The anti-reflective coating composition layer may be formed in a single layer or in multiple layers. For example, before the anti-reflective coating composition layer is formed, a second anti-reflective coating composition layer different from the anti-reflective coating composition layer is formed on the substrate, and the anti-reflective coating composition layer is formed on the first The second anti-reflective coating is on the composition layer.

The formation of the anti-reflective coating composition layer can prevent the deterioration of the pattern quality caused by the reflection of the radiation into the radiation when the photoresist composition layer is exposed to the radiation, and the formation of the anti-reflection coating composition layer can be transmitted during the exposure process.
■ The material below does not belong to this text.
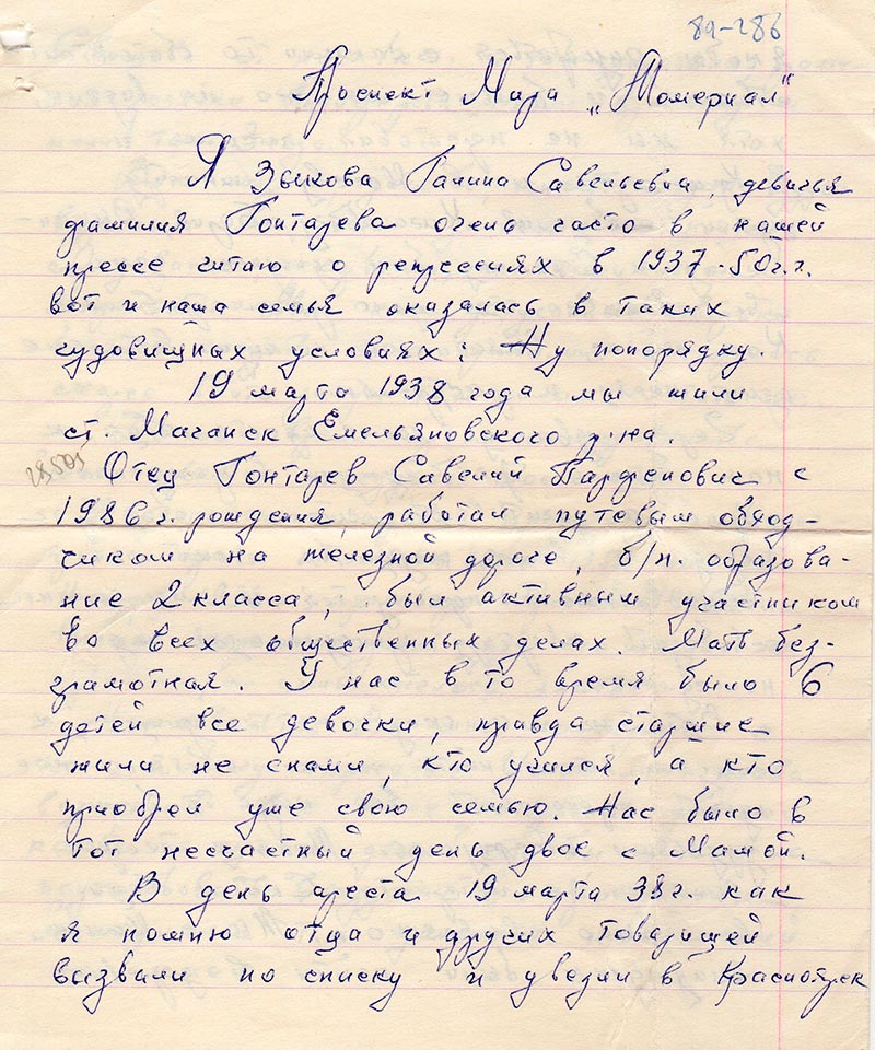 Я Зыкова Галина Савельевна, девичья фамилия Гонтарева. Очень часто в нашей прессе читаю о репрессиях в 1937-50 гг. вот и наша семья оказалась в таких чудовищных условиях: Ну попорядку.

The deblocking of the photoresist composition layer is completely activated to particularly improve the pattern line width (CD) and prevent the pattern pattern from being crushed. In addition, the coating can also improve focus depth, exposure latitude, and line width uniformity.

The substrate may contain one or more layers.
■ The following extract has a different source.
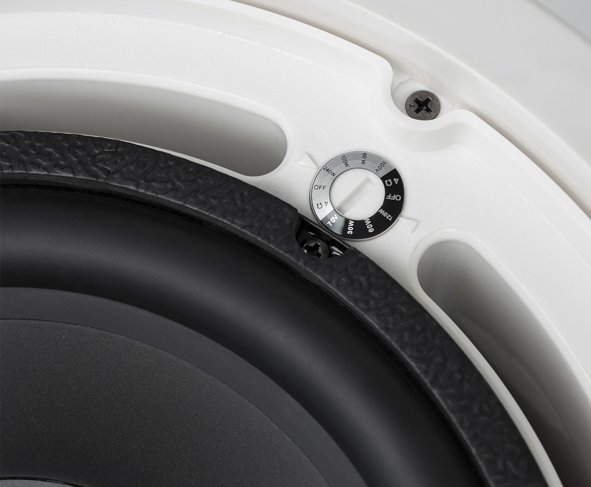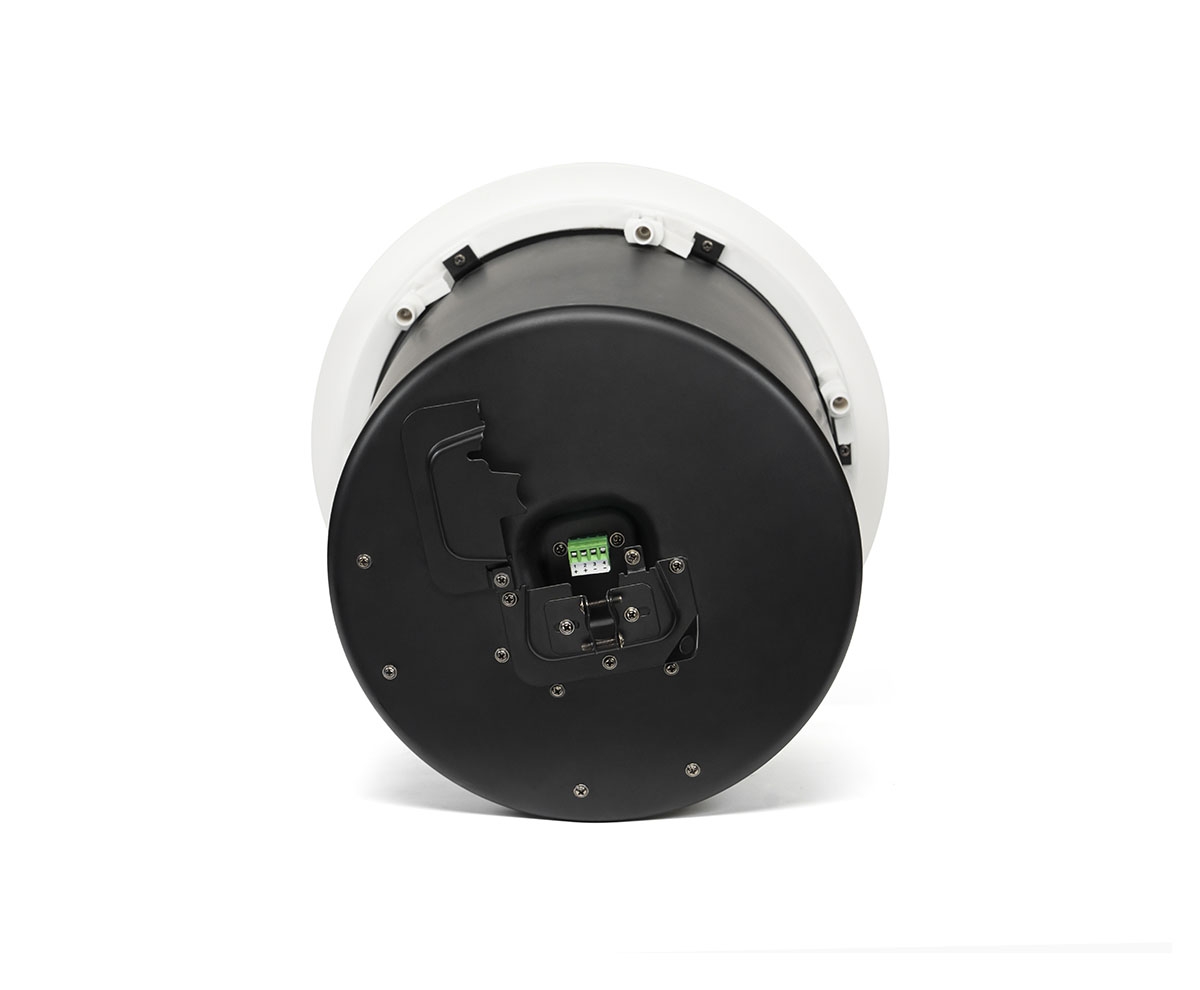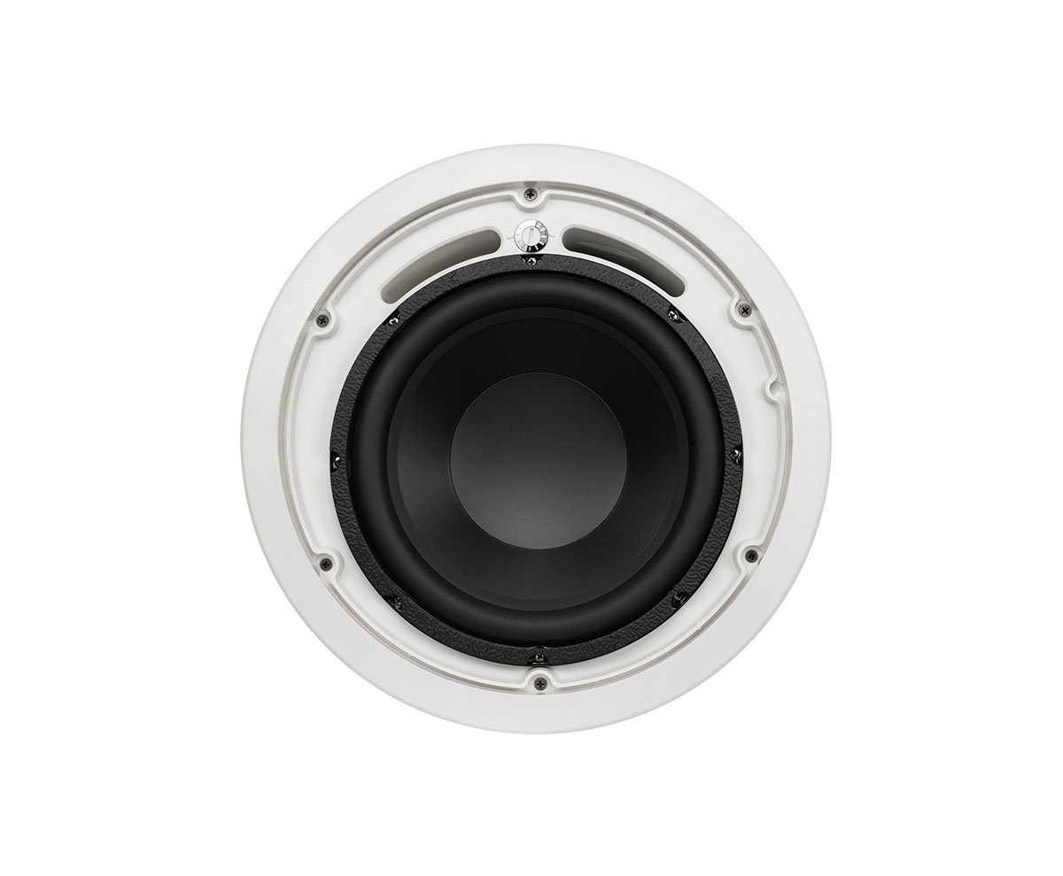 Корпус C-SUB-1024T изготовлен из металла, динамики скрыты декоративной пластиковой решеткой белого цвета. Селектор расположен под решеткой. Габаритные размеры Ø 360 мм, глубина 330 мм, масса 9.5 кг. Монтаж встраиваемый в потолок (скрытый).

The layer included in the substrate may be one or more conductive layers of aluminum, copper, molybdenum, niobium, titanium, tungsten or alloys thereof; nitride or germanide layer; doped amorphous or doped a polysilicon layer; a dielectric layer such as hafnium oxide, tantalum nitride, hafnium oxynitride or a metal oxide layer; a semiconductor layer such as a single crystal germanium; a glass layer; a quartz layer; and a composition or mixture thereof.

In addition, the layer included in the substrate can pass various technologies. The etching is patterned to form, for example, chemical vapor deposition (CVD) such as plasma enhanced CVD, low pressure CVD or epitaxial growth; physical vapor deposition (PVD) such as sputtering or evaporation; electroplating and the like.

The substrate may contain a hard mask layer. The use of a hard mask layer can be desirable, for example, using a very thin photoresist layer where the layer to be etched requires significant etch depth or a particular etchant has poor photoresist selectivity. When a hard mask layer is used, the photoresist pattern to be formed can be transferred to the hard mask layer and used as a mask for etching the underlying layer.

Typical hard mask materials include, for example, tungsten, titanium, titanium nitride, titanium oxide, zirconium oxide, aluminum oxide, aluminum oxynitride, cerium oxide, amorphous carbon, organic polymers, cerium oxynitride, tantalum nitride. Organic mixed materials of bismuth, but not limited to this. The hard mask layer can be formed by, for example, CVD, PVD or spin coating techniques. The hard mask layer may comprise a single layer or a plurality of layers of different materials.

Step (2): formation of a photoresist composition layer

A photoresist composition layer is formed on the anti-reflective coating composition layer.

The photoresist composition may comprise a matrix polymer, a photoacid generator, and a solvent.

The matrix polymer may comprise at least one unit having an acid cleavable protecting group.

The acid cleavable protecting group may be, for example, an acetal or ester group comprising a quaternary acyclic alkyl carbon (eg, a third butyl group) or a carboxy oxygen quaternary lipid covalently attached to an ester of a matrix polymer. Ring carbon (eg methyl Donkey Kong) alkyl).

Units suitable for inclusion in the matrix polymer may be, for example, units derived from (alkyl) acrylates, preferably units derived from acid cleavable (alkyl) acrylates. Specific examples thereof include tributyl acrylate, t-butyl methacrylate, methyl adamantyl acrylate, methyl adamantyl methacrylate, ethyl decyl acrylate, ethyl decyl methacrylate, and the like. Derived unit.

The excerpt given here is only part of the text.